ASSIGNMENT
Search the material for the string "your" and reply with how many lines contain it, nothing else.

RECORDS FOR THIS TASK

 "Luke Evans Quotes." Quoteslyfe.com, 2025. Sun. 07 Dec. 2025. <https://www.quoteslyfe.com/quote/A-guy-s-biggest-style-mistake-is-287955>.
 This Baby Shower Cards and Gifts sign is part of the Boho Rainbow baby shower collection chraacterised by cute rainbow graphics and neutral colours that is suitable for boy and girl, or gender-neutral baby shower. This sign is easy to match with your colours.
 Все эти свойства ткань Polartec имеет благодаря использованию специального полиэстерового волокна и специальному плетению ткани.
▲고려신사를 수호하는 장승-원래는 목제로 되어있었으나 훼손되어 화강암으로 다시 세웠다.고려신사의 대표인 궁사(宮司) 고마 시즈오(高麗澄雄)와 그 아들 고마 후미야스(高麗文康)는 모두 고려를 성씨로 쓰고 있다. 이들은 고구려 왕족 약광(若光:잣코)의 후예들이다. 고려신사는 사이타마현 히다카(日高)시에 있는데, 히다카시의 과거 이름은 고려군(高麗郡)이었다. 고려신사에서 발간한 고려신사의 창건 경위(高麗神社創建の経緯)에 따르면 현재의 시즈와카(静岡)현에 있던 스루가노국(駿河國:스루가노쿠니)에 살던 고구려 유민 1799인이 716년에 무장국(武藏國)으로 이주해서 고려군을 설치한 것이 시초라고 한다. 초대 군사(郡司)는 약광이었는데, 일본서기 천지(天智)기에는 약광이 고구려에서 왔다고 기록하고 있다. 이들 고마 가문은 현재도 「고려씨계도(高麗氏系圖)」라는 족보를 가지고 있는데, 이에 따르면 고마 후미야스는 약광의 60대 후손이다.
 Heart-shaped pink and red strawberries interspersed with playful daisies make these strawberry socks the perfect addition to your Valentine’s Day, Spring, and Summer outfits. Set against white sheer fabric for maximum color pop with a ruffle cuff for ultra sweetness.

--

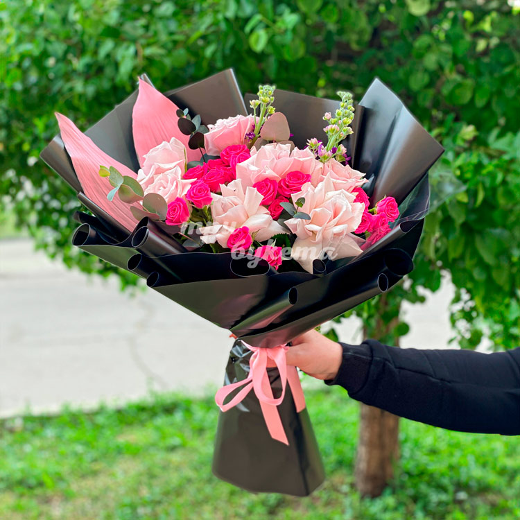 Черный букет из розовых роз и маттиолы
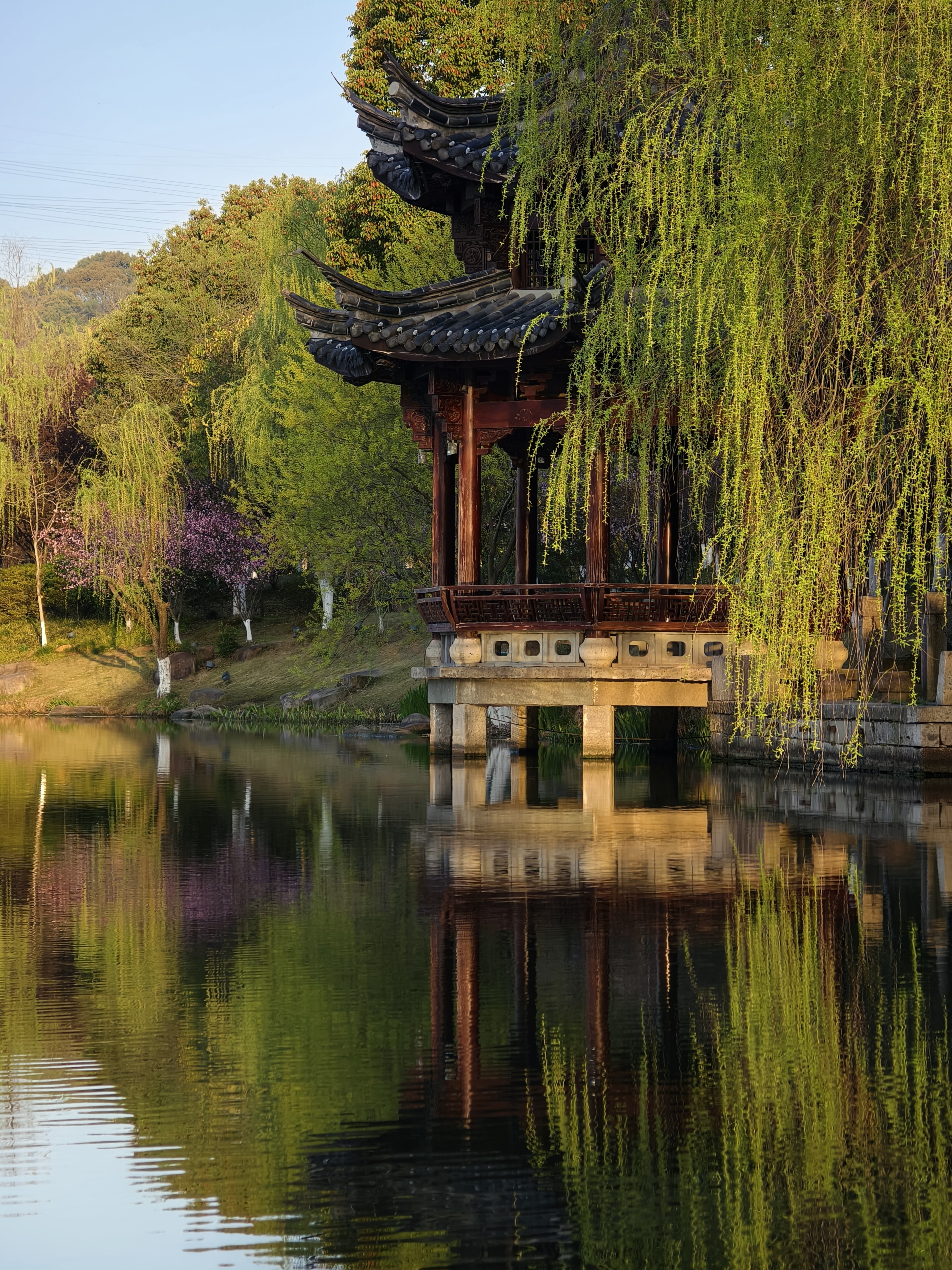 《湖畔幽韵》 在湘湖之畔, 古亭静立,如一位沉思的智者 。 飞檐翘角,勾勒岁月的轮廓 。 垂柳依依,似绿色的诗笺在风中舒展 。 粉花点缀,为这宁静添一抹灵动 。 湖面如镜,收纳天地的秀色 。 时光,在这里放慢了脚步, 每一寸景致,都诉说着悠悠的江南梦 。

--

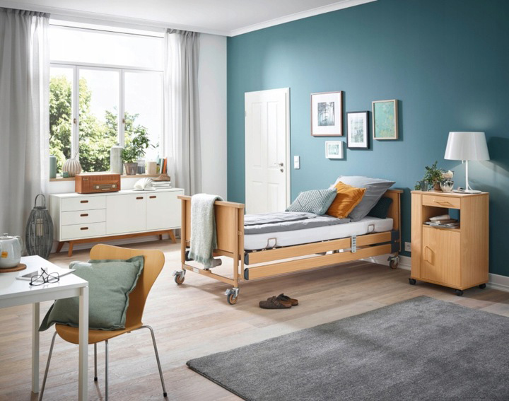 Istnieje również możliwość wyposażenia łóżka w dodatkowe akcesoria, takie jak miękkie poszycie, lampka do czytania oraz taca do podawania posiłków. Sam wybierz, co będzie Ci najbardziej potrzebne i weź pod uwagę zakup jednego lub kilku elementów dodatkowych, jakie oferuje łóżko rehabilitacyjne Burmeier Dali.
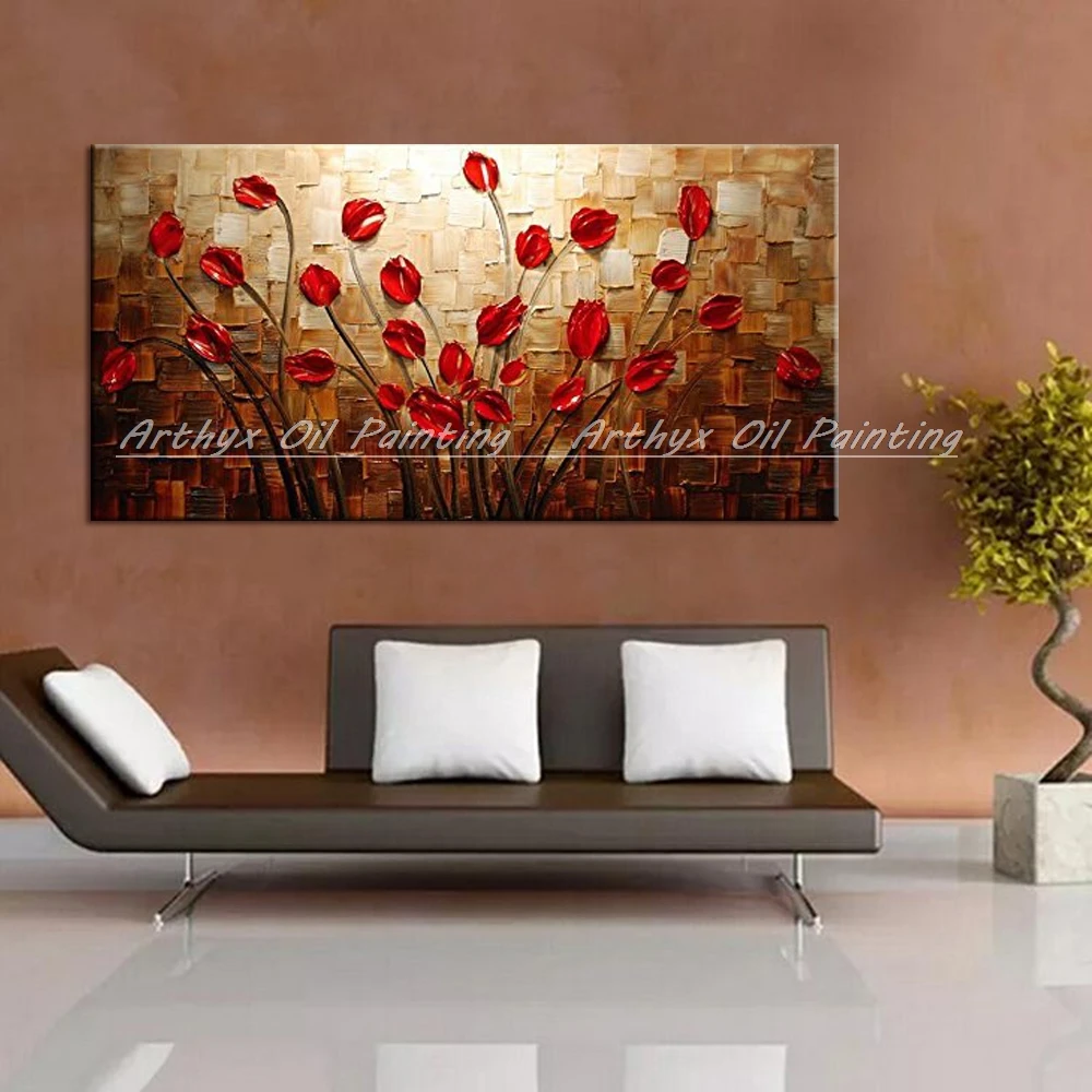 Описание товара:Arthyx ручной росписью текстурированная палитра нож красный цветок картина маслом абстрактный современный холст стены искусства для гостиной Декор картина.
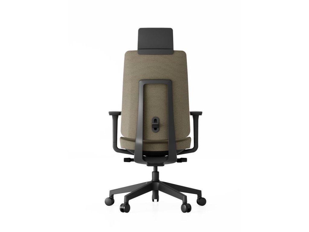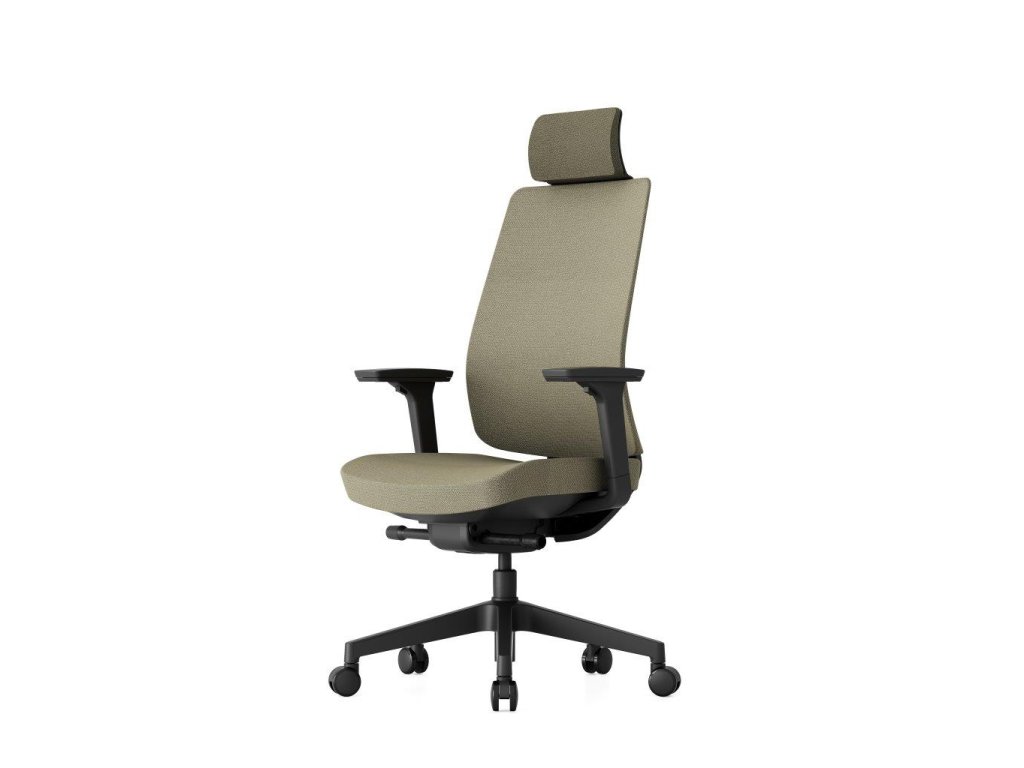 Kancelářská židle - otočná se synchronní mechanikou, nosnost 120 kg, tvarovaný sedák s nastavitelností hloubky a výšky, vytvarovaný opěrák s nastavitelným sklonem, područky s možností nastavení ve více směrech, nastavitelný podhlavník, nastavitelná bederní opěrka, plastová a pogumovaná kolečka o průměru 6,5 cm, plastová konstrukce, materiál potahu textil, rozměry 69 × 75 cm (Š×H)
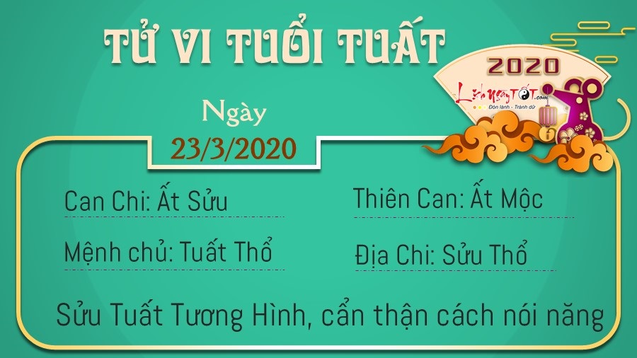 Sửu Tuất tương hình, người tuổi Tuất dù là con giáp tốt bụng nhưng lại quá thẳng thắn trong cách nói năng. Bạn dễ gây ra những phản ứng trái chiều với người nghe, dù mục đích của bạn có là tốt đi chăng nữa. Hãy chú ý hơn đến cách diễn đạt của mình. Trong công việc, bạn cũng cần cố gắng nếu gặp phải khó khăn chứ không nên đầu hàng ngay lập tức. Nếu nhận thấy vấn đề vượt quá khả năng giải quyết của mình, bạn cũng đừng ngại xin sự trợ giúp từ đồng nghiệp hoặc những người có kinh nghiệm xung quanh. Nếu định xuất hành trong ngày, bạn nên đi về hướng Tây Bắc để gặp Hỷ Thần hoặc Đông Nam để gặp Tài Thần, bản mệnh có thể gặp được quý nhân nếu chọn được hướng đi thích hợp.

RESULT OF THIS EXERCISE
2